The seedlings have survived so far but it only needs one attack and most of the plants could be devoured in one night. I’ve still some more seedlings to transplant but I’ll need to set up another tray alongside these first.

Thursday, 28 June 2012

Caught Red Handed and a Crazy Place to Build a Nest - Birds!

Wednesday was a mostly dull and humid day. The sun made an appearance in the afternoon and it was enough to produce our warmest day of the month with the temperature reaching 25.1°C.

On the plot this week during a coffee break we heard a blackbird noisily clucking amongst our red currants. The short video shows exactly what was going on.

Apologies for the quality of the video but my camera insisted on focusing on the netting rather than where the action was. The young blackbird took cover in our nearby apple trees no doubt planning another smash and grab on our redcurrants.

Last Friday I blogged about the virtues of a backup rain gauge. After wood pigeon problems with my main weather station, my reserve gauge, which resides in an open spot on the wall by our new pebble garden now has its own bird issue.
The gauge can be seen to the top right hand corner of this picture at the end of the wall. It’s been there over 12 months with no problems. Then this morning something odd. I found grill to the top of the collection funnel was on the steps next to the wall.
It seemed a bit odd as it hadn't been windy and severe winter gales hadn’t dislodged it in the past. I picked it up to replace it and was then surprised by what I saw in the rain gauge funnel.
It appears that a bird may have deliberately removed the cover and made a start at building a nest. Seems a little late for nest building but anyone got any better ideas? 

Wednesday, 27 June 2012

The Winter Brassica Experiment

Tuesday was mild and muggy with a little light rain in the afternoon.

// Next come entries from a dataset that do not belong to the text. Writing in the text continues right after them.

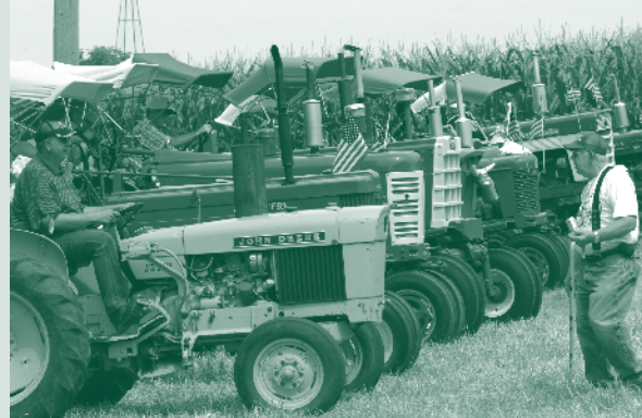
Tractor enthusiasts view vintage tractors during the annual tractor ride (Above). Students visit Froelich and participate in ropemaking demonstration (Left).

Designated as a SSNHA Partner Site in 2002, Froelich General Store and Tractor Museum lets visitors discover the story behind the tractor's invention and 1800s rural culture. In the museum's restored 1890 blacksmith shop, find a working replica of the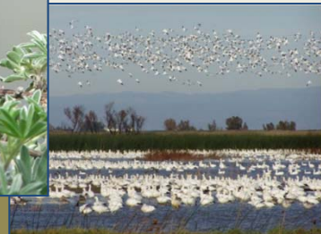
Snow Geese in Rice, Ducks Unlimited, Inc.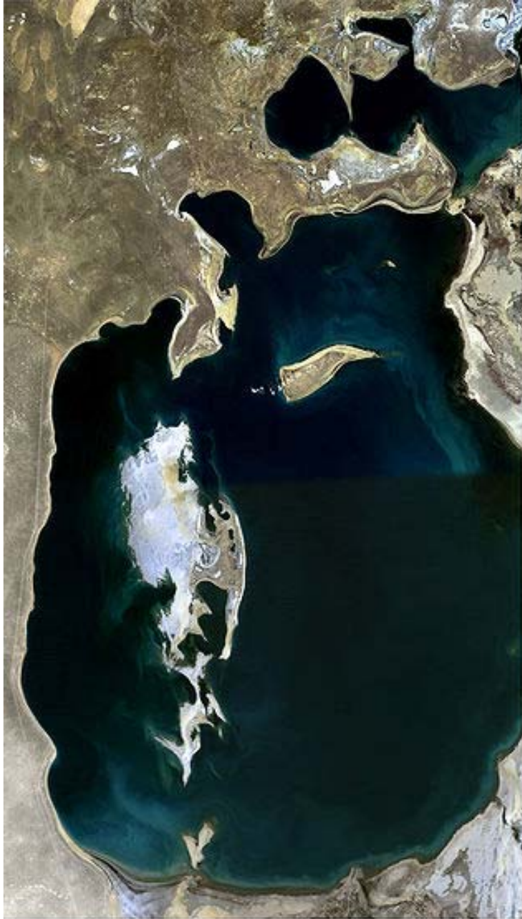
July - September, 1989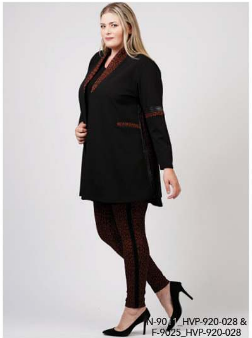
N-9011_HVP-920-028 & F-9025_HVP-920-028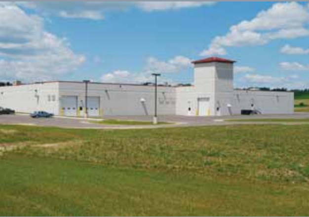
Gold'n Plump, Independence, WI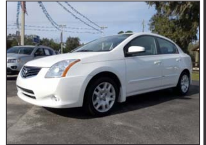
2011 NISSAN SENTRA $14,990 STK#: 657023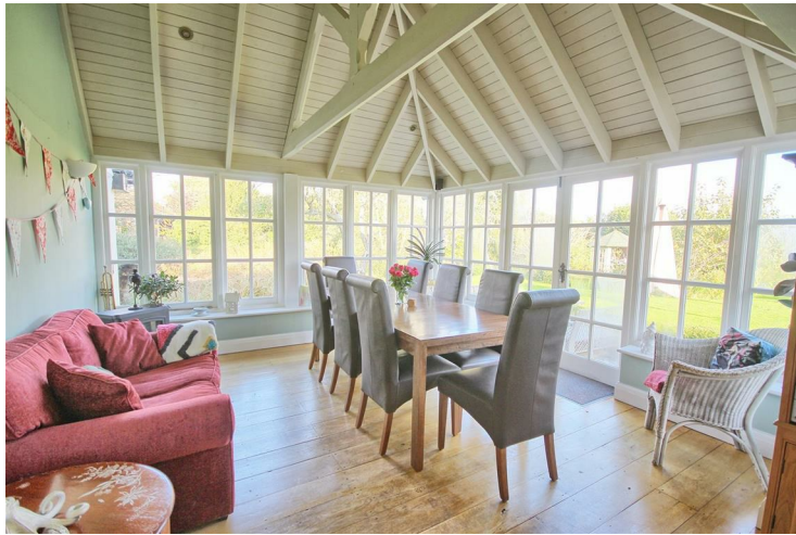
GARDEN ROOM 16'0" x 12'2" (4.88 x 3.73)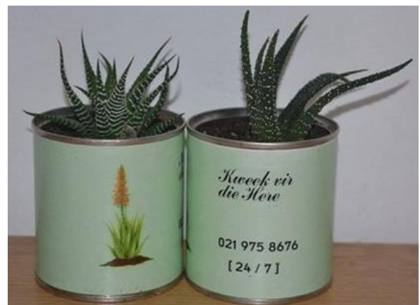
Each exhibitor gets a donated "Tarentaaltjie" or "Zebra" succulent plant to take home.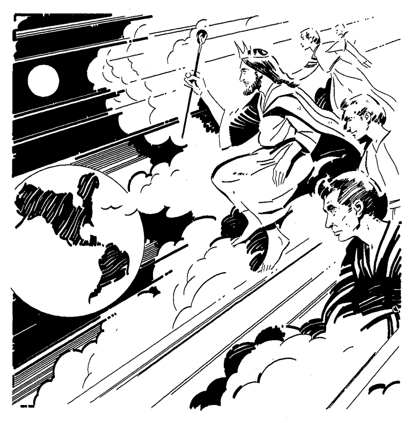
The Lord Jesus shall be revealed from heaven with His mighty angels, in flaming fire taking vengeance——" II Thess. 1:7, 8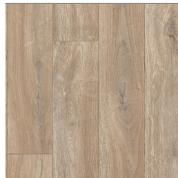
Summer Oak Pattern Repeat: 99.50x120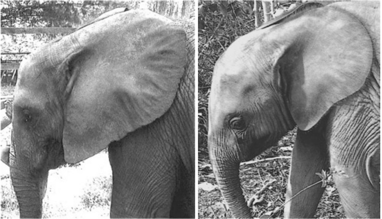
Left Loxodonta africana and right Loxodonta cyclotis . Both are young animals. Note that the lower external ear lobe or pinna of L. africana is more angular and extends further forward than that of L. cyclotis which has a generally smaller and more rounded pinna. The distance between the eye and the external auditory canal is proportionately greater in L. cyclotis which also has a longer and narrower mandible and a tendency to hold the head lower.

rose to to 158,000 and when I left my post in 1979 the figure was just under 250,000, more visitors than attended any other public attraction of any kind in Nigeria.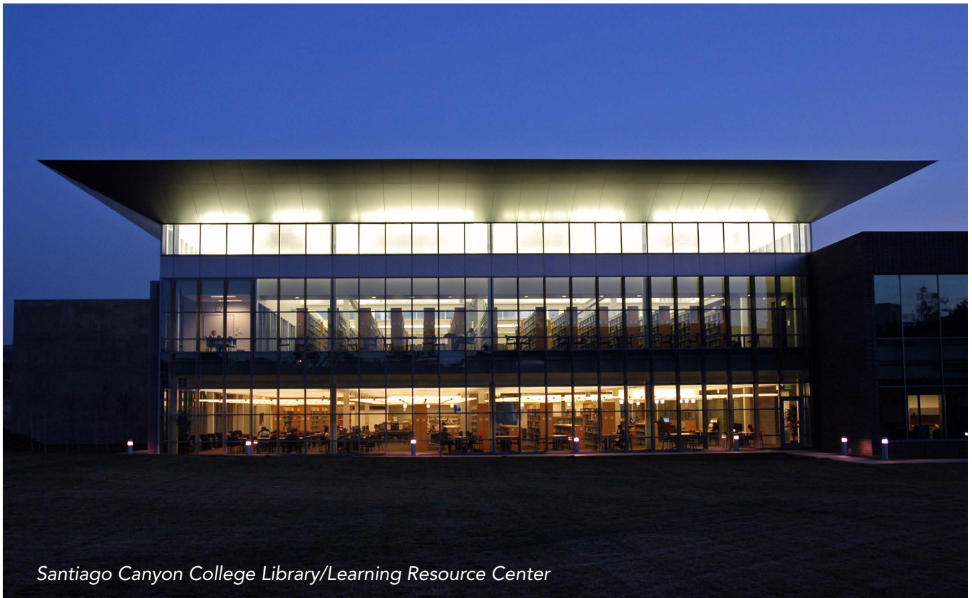
Santiago Canyon College Library/Learning Resource Center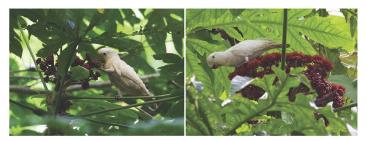
Figure 2. Goffin's cockatoo feeding on an Osmoxylon insidiator (local name: Mangmate Nglolan) in Lorulun forest (Camp 1).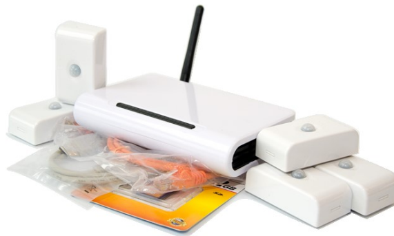
Fig. 1. BuildAX Environmental Sensor Toolkit: including logger, sensor nodes and supplied cables

The sensor toolkits distributed to FMs and students consisted of a base unit logger (see Fig. 1) which receives data from sensor nodes with a range of approximately 100m line-of-sight and logs this to memory (SD card), with optional network access. The sensor nodes incorporate factory-calibrated temperature, humidity, light, passive infrared (PIR), and magnetic reed switch sensors 2 . The sensors were configured to broadcast data packets at a resolution of 30 seconds, or 120 samples per hour, to allow analysis in tools such as Microsoft Excel which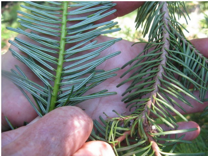
White fir (left) with straight needle bases and noble or red fir (right) with J-shaped, or "hockey stick" needle bases.

Down a rock-strewn slope from the crest, through one more stand of dark green firs was our destination, a green bowl with a shallow pond beside its one large rock, complete with newts (waterdogs). No cows had ravaged the sedgy sward...yet this season. A large patch of corn lily ( Veratrum sp. ) anchored one side of the bowl. Bistort ( Polygonum bistortoides ) stuck its oblong, white balls of tiny flowers up for pollinators to find. An aster, a monkeyflower ( Mimulus sp. ), and a butterwort ( Senecio triangularis ) added small touches of color. Having heard that a gentian was here, I inspected a dense cluster of fresh, green leafy stems with round, opposite, sessile leaves and three large flower buds crowded among the stem-tip leaves. I'm sure this was Klamath gentian ( Gentiana plurisetosa ).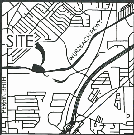
LOCATION MAP NOT-TO-SCALE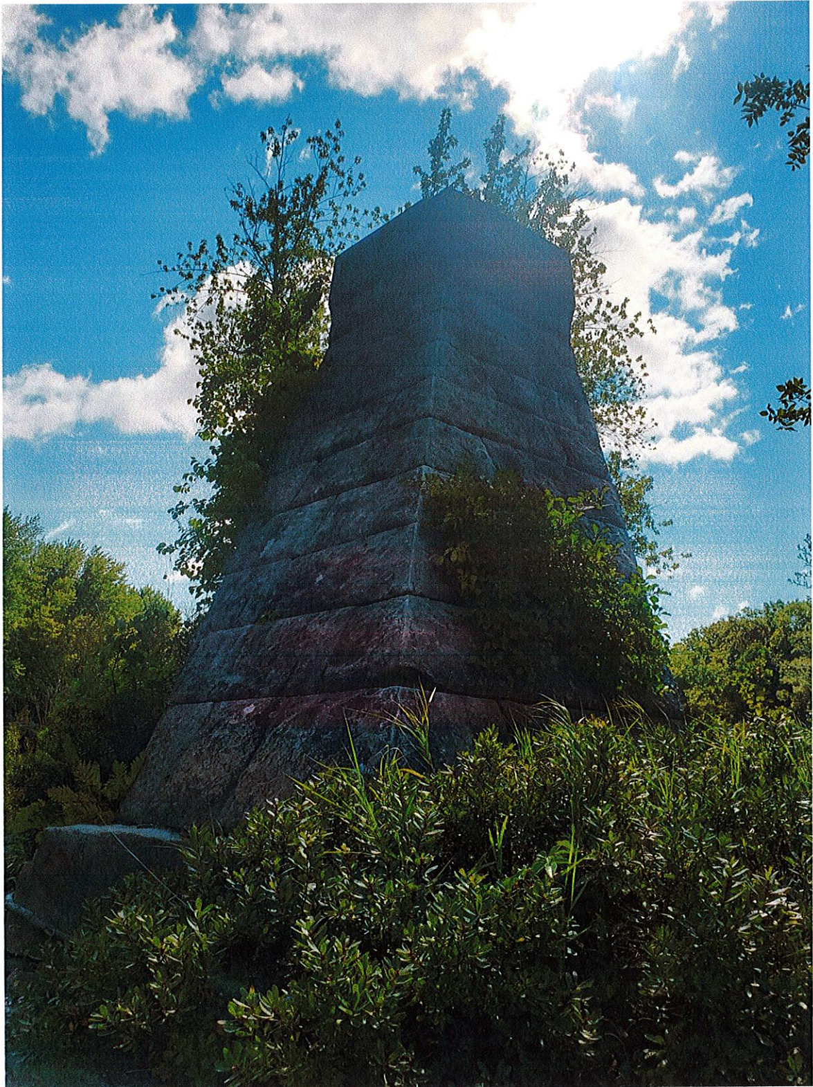
Photo of north and west sides of pier.

My winter brassica experiment is now in full swing. Having been disappointed with last year’s plug plants I’ve set about raising my own this year. I’ve tried this in the past and the plants have either not survived due to lack of attention or the constant battle with slugs and snails has been lost. I’m also using New Horizon peat free multipurpose compost to to add a little more edge to the growing process.
So far so good. These cauliflower seeds “Aalsmeer” sown on the 17th June quickly germinated under our indoor grow light and produced some excellent seedlings. These were transplanted into modular cells today and moved into the cold frame. The battle now begins to prevent them becoming either waterlogged in any rainy spells or too dry should we be lucky enough to have some fine warm days. Let the mollusc wars begin! 

Tuesday, 26 June 2012

Autumn Planted Onions are Ready

Monday afternoon finished up mild and sunny with the temperature managing to just make it to 20°C - a rarity this June.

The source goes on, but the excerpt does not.